Overall, three studies showed tonsillar motion is greater in CM-I patients compared to controls subjects (Fig. 5); these studies identified an increase in magnitude of downward caudal midbrain tissue displacement at the level of the brainstem and cranio-cervical junction in CM-1 patients [5]. This could be due to the additional pressure exerted by the CM on the spinal cord leading to an abrupt downward displacement of the spinal cord during systole, which impairs the return of CSF to the cranial cavity.
Table 2 compares data from CM-I patients and healthy controls. Larger BTPs are consistently observed in CM-I, especially in the cerebellum tonsillar region, where pooled analysis of data from CM-I patients and healthy participants (in 3 studies) suggested motion was 0.31 mm [95% CI: 0.23, 0.38, p < 0.0001] higher in CM-I patients compared to controls (Fig. 5) [8, 27, 28]. See Supplementary Appendix. 5 for more details of data included in this pooled analysis.
Table 2.
Brain region | Mean ± SD of controls | Mean ± SD of CM-I | Difference in means |
---|---|---|---|
Cerebellar tonsillar (Sag) | 0.28 ± 0.09, n = 31 | 0.59 ± 0.28, n = 75 | 0.31 [95% CI 0.23, 0.38] |
Cerebellar tonsillar (Combined sag with axial of controls and compare it to sag only of CM-I) | 0.31 ± 0.25, n = 41 | 0.59 ± 0.28, n = 75 | 0.28 [95% CI 0.17, 0.38] |
Pontomedullary junction (Sag) | 0.32 ± 0.12, n = 25 | 0.56 ± 0.29, n = 64 | 0.24 [95% CI 0.15, 0.32] |
Cervicomedullary junction (Sag) | 0.3 ± 0.11, n = 25 | 0.44 ± 0.22, n = 64 | 0.14 [95% CI 0.06, 0.21] |
4th ventricle fastigium (Sag) | 0.24 ± 0.1, n = 25 | 0.42 ± 0.28, n = 64 | 0.18 [95% CI 0.09, 0.26] |
Obex (Sag) | 0.26 ± 0.1, n = 25 | 0.4 ± 0.19, n = 64 | 0.14 [95% CI 0.07, 0.20] |
CM-I studies confirmed that brain tissue motion is affected by the presence of disease, which can be investigated quantitatively using MRI cardiac-gated cine bSSFP sequences.
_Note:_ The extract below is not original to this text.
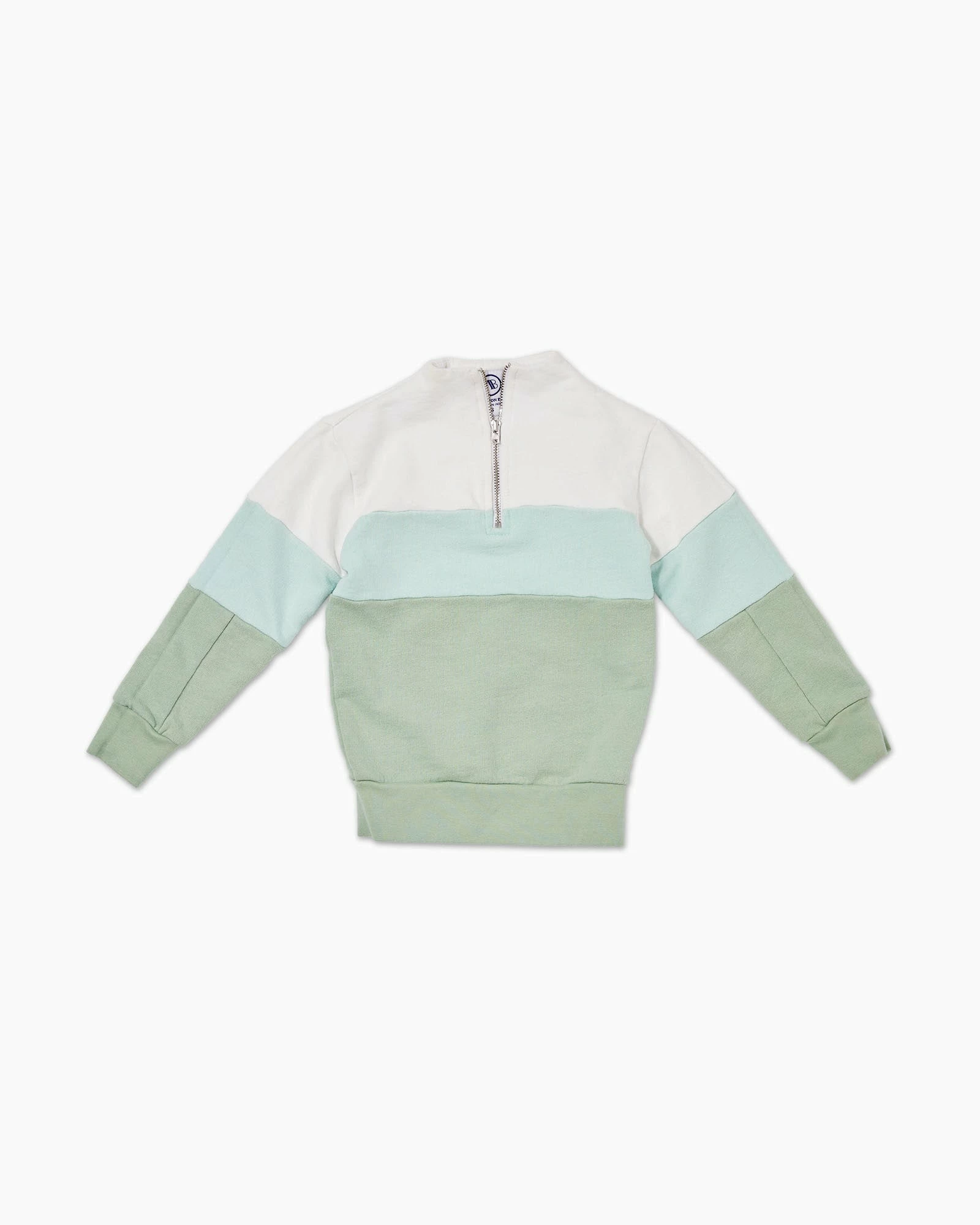 - Collared quarter zip pullover with rib cuff, band and color blocking.

Anatomical landmark motion tracking can then be used to measure displacements through the evaluation of pixel-shifting between frames. Such tracking of bSSFP images could provide an appropriate quantitative method to investigate brain motion in CM patients, due to its sensitivity to cephalad and caudad cerebellar tonsil motion. This method also achieves good SNR and is able to analyse contiguous blocks of data, however, standard cine bSSFP is not very sensitive to sub-voxel motion and therefore may not be as sensitive as DENSE, PC and aMRI to differences in BTP. The aMRI method also appears promising for visualising brain tissue motion in CM patients. Further studies are needed to develop aMRI for quantitative tissue motion measurements, which could potentially be achieved by using a phase-contrast MRI sequence for determining velocities and aMRI to amplify the tissue movements.
Discussion
This is the first systematic review to provide an overview of MRI methods available for measuring brain tissue motion in humans. Following a prospective systematic search, 22 relevant records were retrieved, mainly feasibility studies.
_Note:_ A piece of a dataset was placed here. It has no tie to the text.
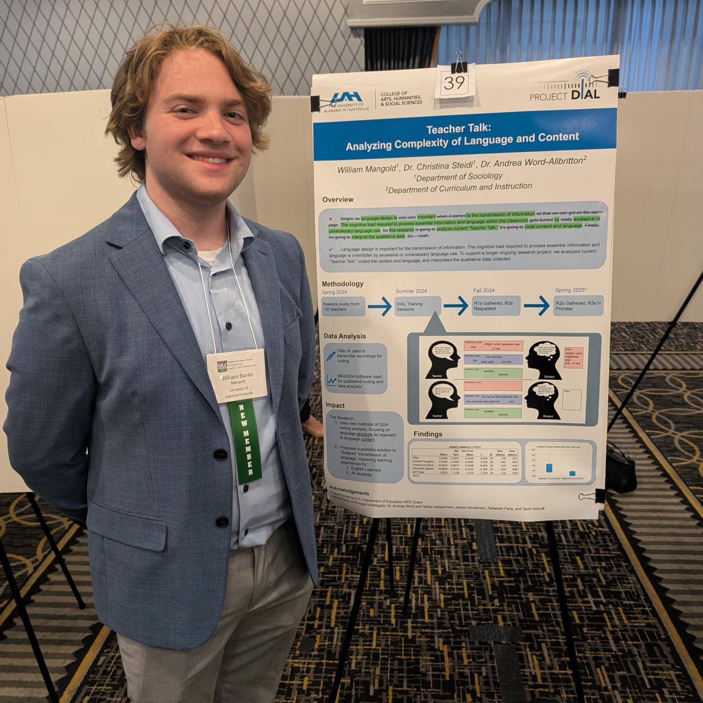 My sociology major at UAH has prepared me for my future career goals by giving me several research opportunities, all of which have utilized different methods and analysis approaches, allowing me to gain a wide range of experience. As one of my future career goals is to conduct research, I greatly value all of the projects I have had the honor to work on because of my sociology major. Another one of my future career goals is to teach college-level courses, which my sociology of education course has helped me to prepare for. In this course, I learned in-depth about how students succeed and falter, barriers in education, and ways to approach learning and teaching. Understanding the sociology of education will allow me to structure my courses in the most effective and accessible manner in order to ensure I am doing all that I can to aid my students in their successes. It will also allow me to recognize the specific challenges that my students are facing in their courses, whether it is an internal or external challenge.

There are 5 main methods used to investigate brain tissue motion, most of which use some form of cine cardiac-gating to acquire the images. Cardiac-gating used was either prospective or retrospective, triggered with pulse oximetry or ECG. Five main methods were used to measure motion in either one or all three spatial directions: (i) MRI utilising velocity encoding gradients for phase mapping to measure tissue velocity, (ii) CSPAMM or tagging sequence, (iii) DENSE to measure tissue displacement (iv) High-resolution anatomical MRI with retrospective analysis of “pixel-shifting” and tracking of anatomical landmarks to measure displacements and (v) aMRI.
Findings for whole and regional brain tissue motion from data available in reported healthy volunteer studies illustrated that peak brain tissue pulsations are found to be close to the brain stem, which decrease when propagating outwards to the peripheral brain lobes following ventricular systole.
Two studies found a correlation between the presence of tumour or IIH and decreased tissue displacement [17, 22]. Three studies found a correlation between the presence of CM-I and increased tissue displacement [5, 27, 28]. These studies appear to be the first to establish a link between structural pathology and BTP using MRI. This review also found a possible link between ICP and altered brain tissue motion, which suggests brain pulsations may decrease with increased ICP [22], which is also investigated by review work [33].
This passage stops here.